When you reach the line containing "(r.) Anti-Access Area" in the entries below, begin reproducing lines exactly, and stop once the line containing "6. To add an" is done.

Top of SUPPLIED DATA

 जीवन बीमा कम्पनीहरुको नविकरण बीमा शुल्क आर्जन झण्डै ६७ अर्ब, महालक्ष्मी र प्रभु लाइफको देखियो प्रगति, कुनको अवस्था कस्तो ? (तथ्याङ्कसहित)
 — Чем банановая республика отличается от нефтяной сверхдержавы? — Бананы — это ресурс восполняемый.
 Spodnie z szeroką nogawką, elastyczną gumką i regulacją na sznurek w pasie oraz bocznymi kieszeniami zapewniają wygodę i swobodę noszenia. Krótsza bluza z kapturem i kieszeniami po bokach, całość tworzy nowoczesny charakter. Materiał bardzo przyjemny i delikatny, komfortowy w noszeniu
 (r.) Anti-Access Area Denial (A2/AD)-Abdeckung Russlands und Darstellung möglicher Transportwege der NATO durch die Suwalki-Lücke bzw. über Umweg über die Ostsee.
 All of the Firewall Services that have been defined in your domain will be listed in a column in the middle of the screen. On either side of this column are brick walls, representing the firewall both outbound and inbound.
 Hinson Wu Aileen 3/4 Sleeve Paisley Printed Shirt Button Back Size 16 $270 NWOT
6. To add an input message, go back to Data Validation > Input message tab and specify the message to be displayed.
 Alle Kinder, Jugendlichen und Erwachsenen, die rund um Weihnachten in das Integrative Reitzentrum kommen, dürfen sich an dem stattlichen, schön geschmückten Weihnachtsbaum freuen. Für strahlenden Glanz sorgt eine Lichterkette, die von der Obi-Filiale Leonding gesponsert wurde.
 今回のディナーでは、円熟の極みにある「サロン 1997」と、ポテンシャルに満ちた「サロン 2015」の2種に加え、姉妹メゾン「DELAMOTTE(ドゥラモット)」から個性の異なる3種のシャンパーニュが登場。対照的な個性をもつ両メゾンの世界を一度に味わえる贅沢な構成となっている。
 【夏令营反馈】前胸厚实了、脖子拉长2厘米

Bottom of SUPPLIED DATA
Top of SUPPLIED DATA

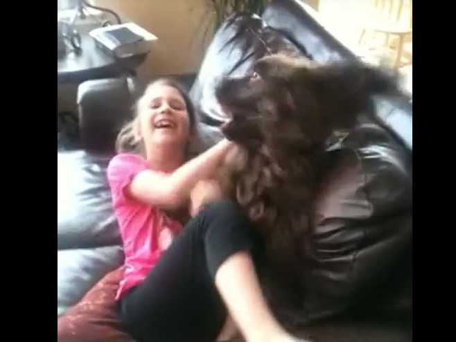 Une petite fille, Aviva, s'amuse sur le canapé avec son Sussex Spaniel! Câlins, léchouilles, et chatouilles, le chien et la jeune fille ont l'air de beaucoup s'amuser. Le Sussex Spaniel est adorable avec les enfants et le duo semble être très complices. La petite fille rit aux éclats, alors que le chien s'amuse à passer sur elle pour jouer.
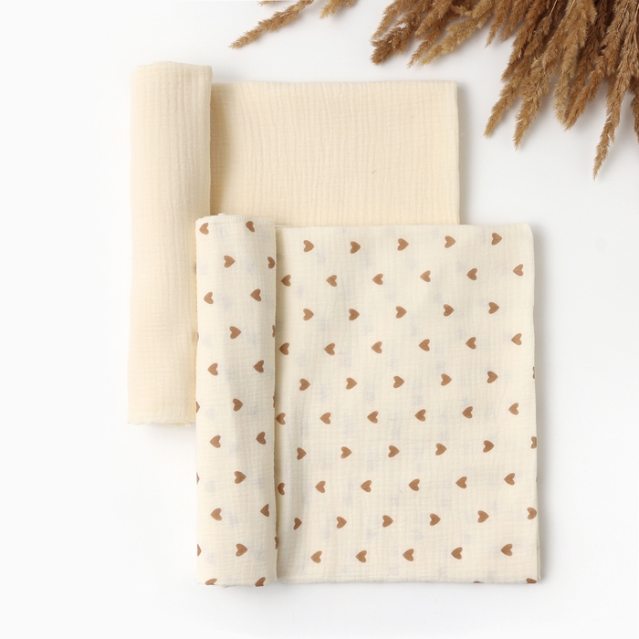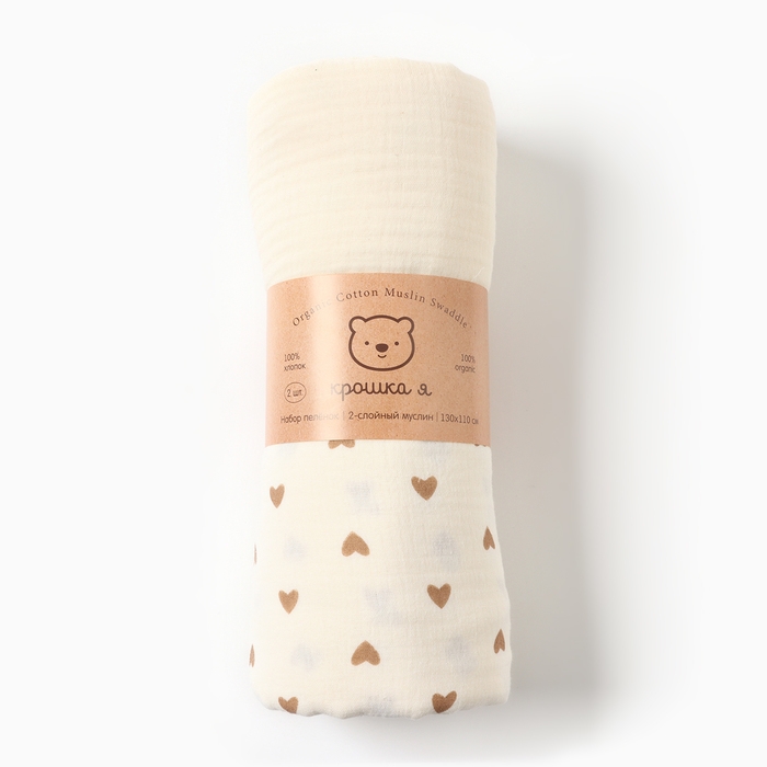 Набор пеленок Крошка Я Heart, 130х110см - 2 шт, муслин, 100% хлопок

Bottom of SUPPLIED DATA

RESPONSE TO THE EXERCISE:
 (r.) Anti-Access Area Denial (A2/AD)-Abdeckung Russlands und Darstellung möglicher Transportwege der NATO durch die Suwalki-Lücke bzw. über Umweg über die Ostsee.
 All of the Firewall Services that have been defined in your domain will be listed in a column in the middle of the screen. On either side of this column are brick walls, representing the firewall both outbound and inbound.
 Hinson Wu Aileen 3/4 Sleeve Paisley Printed Shirt Button Back Size 16 $270 NWOT
6. To add an input message, go back to Data Validation > Input message tab and specify the message to be displayed.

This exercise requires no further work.